AI and Data Privacy: Does the Law Protect Your Personal Information?

AI models are being trained on individuals’ personal data. The EU has responded with sweeping legislation to protect residents. Will the U.S follow its lead and pass its own AI data privacy law?

By , Attorney University of North Carolina School of Law
Updated 10/21/2025

Data privacy is one of the biggest concerns with emerging artificial intelligence technology. The most prominent AI models—large language learning models (LLMs) like OpenAI's ChatGPT, Google's Gemini, and Meta's Llama—are trained on vast quantities of data. The more data these AI models consume, the better they become at simulating human thought and conversation.

People naturally wonder how much data these AI models have access to. How much should they have access to? And what are the risks if they have our personal information?

Lawmakers in and outside the U.S. have started to limit how data—and, importantly, personal information—that's used to train AI is collected, stored, processed, and delivered.
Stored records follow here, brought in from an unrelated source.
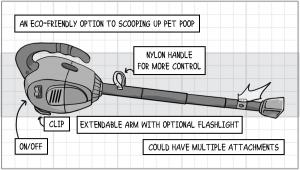 Lois R. of Wake Forest, NC is the creator of the Pet Waste Scooper, a vacuum-style tool designed to efficiently clean up solid pet waste from the ground. Users can hold the device like a leaf blower and utilize the vacuum mechanism to suction pet waste directly into a biodegradable bag for easy and convenient disposal. The device includes an extendable arm tube with a scooper on the end to help pick up the waste to be suctioned into the bags. It also features backpack straps for wearing it, and the bags that collect the content can be flushed or thrown into the garbage.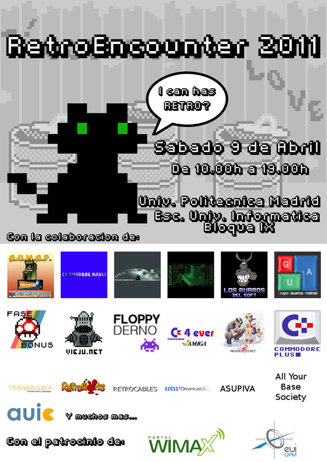 Este próximo sábado 9 de Abril, se celebra en la Universidad de Informática, en Vallecas, la primera RetroEncounter, todo para que no nos quedemos sin nuestra ración de retro.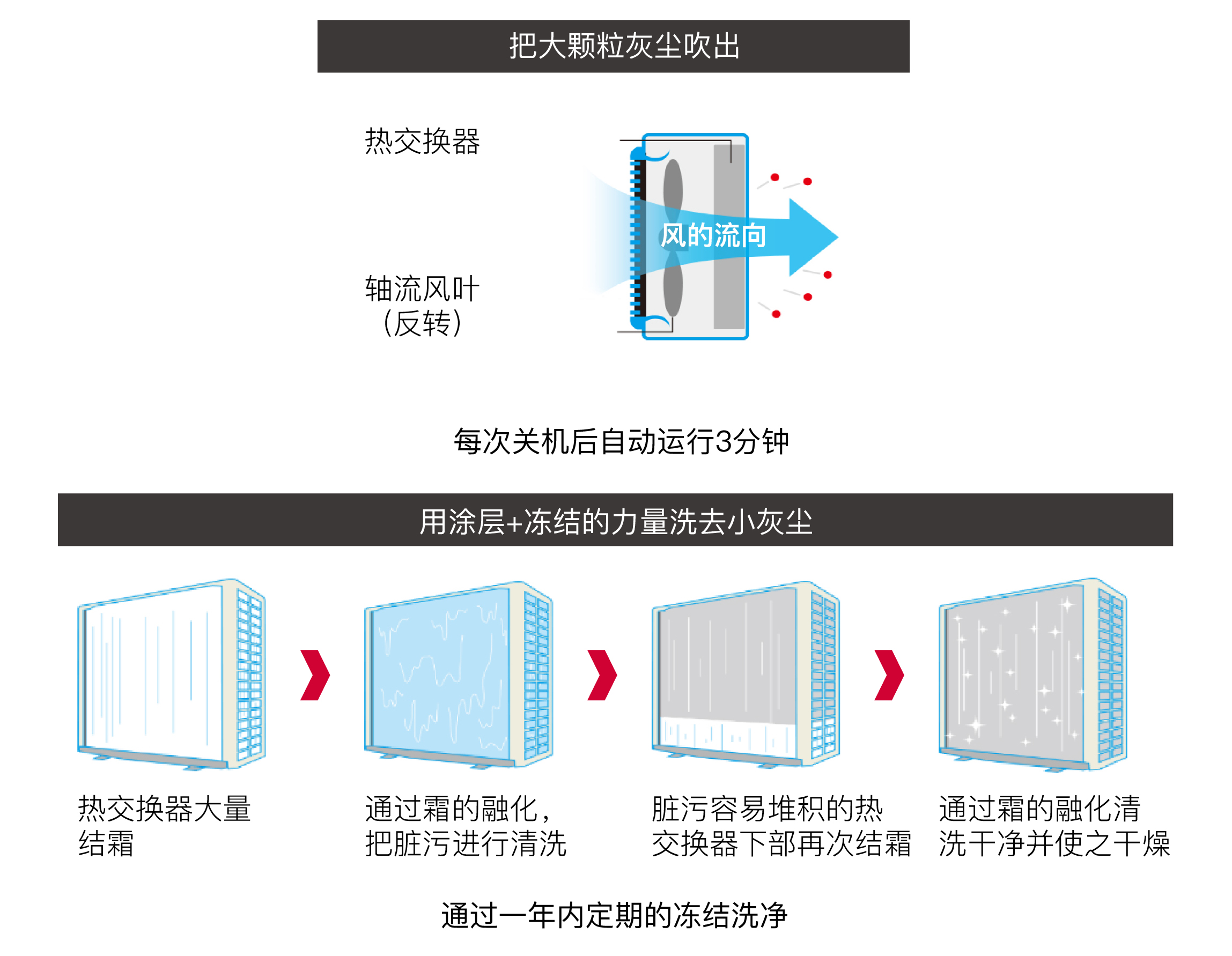 在常年的使用中,灰塵和污垢會積累在散熱器上,污垢積累到一定程度后,會影響外機的散熱使用。通過日立凍結洗凈技術,快速凍結設備內的潮濕空氣,利用溶解后的水流完成清洗,幫助有效去除室外機熱交換器中的灰塵和污垢。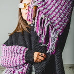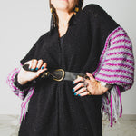 • Caratteristiche: base nera, maniche multicolor lilla/viola/verde, frange decorative, vestibilità oversize taglia unica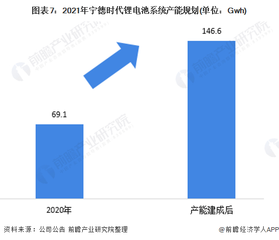 在公司的短期经营方面, 2020年数据显示,公司拥有电池系统在建项目产能77.5GWh,产能项目落地实施后,宁德时代锂电池系统产能将达到146.6Gwh。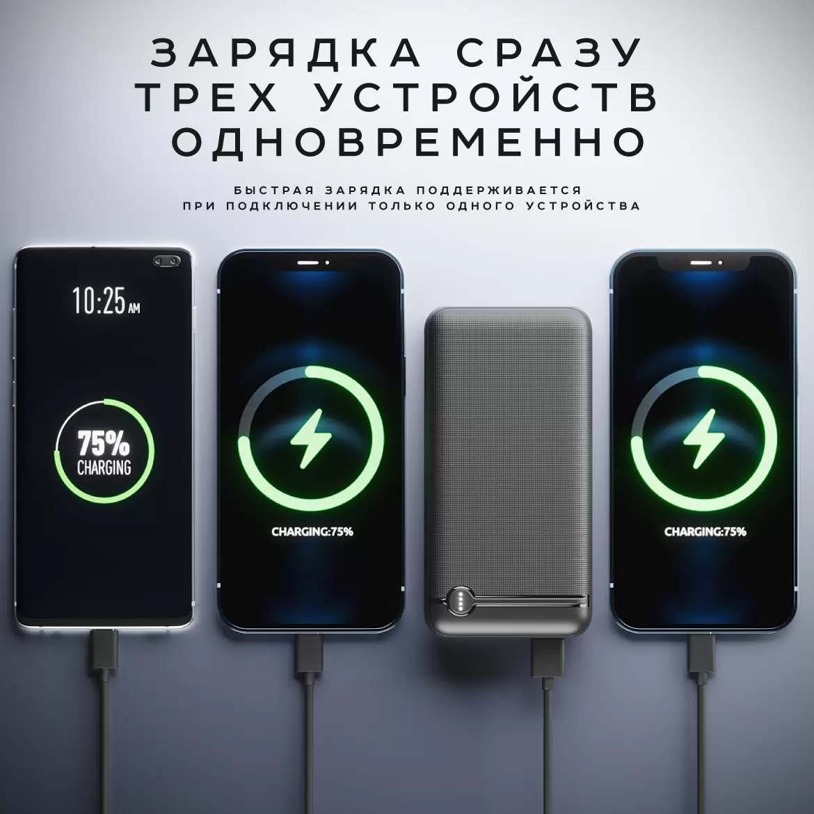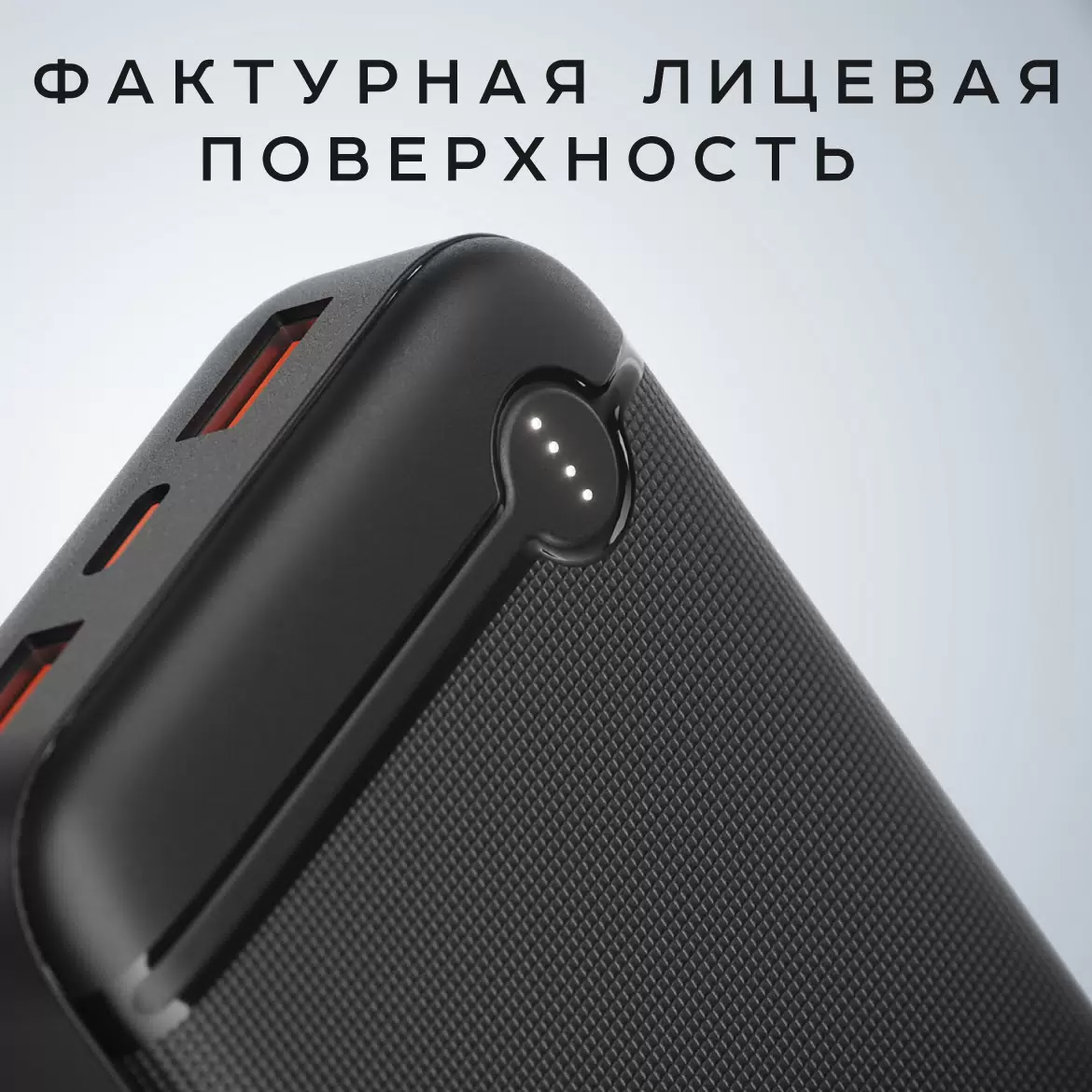 Особенности: быстрая зарядка с выходной мощностью до 20Вт обеспечит быструю зарядку вашего устройства; выполнен в стильном и практичном черном цвете с фактурой на лицевой поверхности, что делает его приятным на ощупь и устойчивым к царапинам

Personal Information in AI Training Data

AI models are trained on large swaths of text coming mostly from websites, books, and newspapers. But where does that data come from? It's a straightforward question that usually gets a less-than-forthcoming answer. Generally, the owners of popular LLMs vaguely declare that their data is from public sources. For example:

  • OpenAI's ChatGPT: On its website, OpenAI says that its foundational models, including ones that power ChatGPT, are trained on "(1) information that is publicly available data on the internet, (2) information that [OpenAI] partner with third parties to access, and (3) information that [OpenAI] users, human trainers, and researchers provide or generate."
  • Google's Gemini: Google's privacy policy says that Gemini is trained on "publicly available, crawlable data from the internet."
  • Meta's Llama: Meta, on its Llama website, says that Llama 2 models are "pretrained on publicly available online data sources."
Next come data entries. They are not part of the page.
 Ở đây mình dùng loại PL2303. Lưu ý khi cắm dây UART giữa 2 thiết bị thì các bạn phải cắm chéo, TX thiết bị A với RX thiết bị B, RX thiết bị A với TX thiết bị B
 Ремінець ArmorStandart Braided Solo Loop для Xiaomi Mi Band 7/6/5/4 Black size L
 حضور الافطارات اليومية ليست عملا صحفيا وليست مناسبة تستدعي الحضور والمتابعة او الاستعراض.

Data sourced from public sources usually contains personal information like names, email addresses, and birthdates. This information can be taken from databases, articles, blogs, forums, and social media. And people whose personal data is being fed to AI models often don't know that what they've shared online is being used in these training sets. Again, AI developers haven't given details about what kinds of personal data have been collected and from whom.

Should the fact that data is publicly available mean that anyone is allowed to use it for any reason? Many say no, worrying that training data can and inevitably will be revealed to anyone who asks the AI the right questions.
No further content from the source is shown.